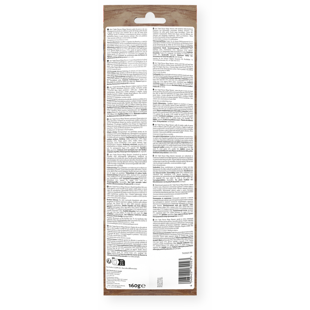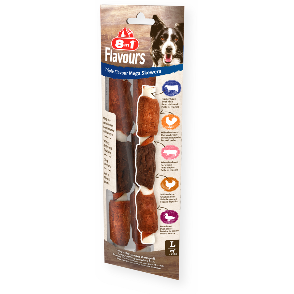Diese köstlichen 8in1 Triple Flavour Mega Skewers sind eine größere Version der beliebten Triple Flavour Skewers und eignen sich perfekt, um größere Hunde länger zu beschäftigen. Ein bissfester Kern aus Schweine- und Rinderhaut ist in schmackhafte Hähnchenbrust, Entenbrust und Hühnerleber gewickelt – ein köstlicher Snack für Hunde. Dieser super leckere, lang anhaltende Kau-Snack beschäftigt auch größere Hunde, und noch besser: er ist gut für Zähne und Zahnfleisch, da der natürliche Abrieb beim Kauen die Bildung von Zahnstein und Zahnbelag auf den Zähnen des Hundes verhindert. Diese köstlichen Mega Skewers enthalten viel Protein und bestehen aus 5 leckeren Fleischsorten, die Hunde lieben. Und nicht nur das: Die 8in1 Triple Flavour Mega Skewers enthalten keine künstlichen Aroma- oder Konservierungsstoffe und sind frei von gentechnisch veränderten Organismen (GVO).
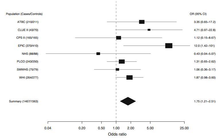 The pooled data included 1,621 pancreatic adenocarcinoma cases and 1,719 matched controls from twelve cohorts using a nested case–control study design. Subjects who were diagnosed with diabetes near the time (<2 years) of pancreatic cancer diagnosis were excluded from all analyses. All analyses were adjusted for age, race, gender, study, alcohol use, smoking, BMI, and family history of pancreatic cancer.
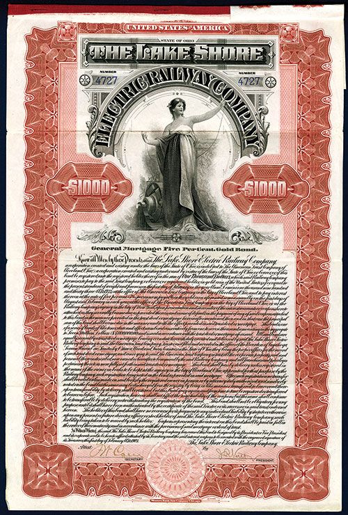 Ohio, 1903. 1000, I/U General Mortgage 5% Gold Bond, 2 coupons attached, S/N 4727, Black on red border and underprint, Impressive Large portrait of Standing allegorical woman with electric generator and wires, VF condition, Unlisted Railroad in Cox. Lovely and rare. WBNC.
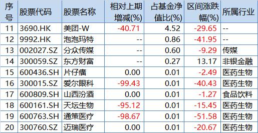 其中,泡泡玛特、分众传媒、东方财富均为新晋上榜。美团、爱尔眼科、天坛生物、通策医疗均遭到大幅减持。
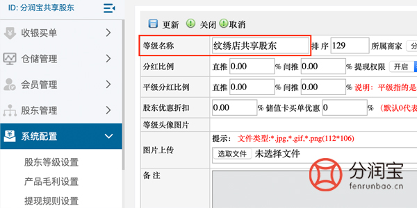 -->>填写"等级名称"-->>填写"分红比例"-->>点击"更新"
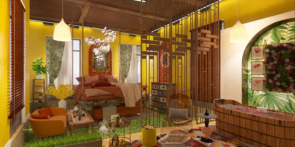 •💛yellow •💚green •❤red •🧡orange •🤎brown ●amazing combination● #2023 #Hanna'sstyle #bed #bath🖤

=-=-=

Task instructions: Leaving the pictures out, copy exactly the lines from the line that contains "其中,泡泡玛特、分众传媒、东" to the last line of the data, both ends included.

Solution to this exercise:
 其中,泡泡玛特、分众传媒、东方财富均为新晋上榜。美团、爱尔眼科、天坛生物、通策医疗均遭到大幅减持。
 -->>填写"等级名称"-->>填写"分红比例"-->>点击"更新"
 •💛yellow •💚green •❤red •🧡orange •🤎brown ●amazing combination● #2023 #Hanna'sstyle #bed #bath🖤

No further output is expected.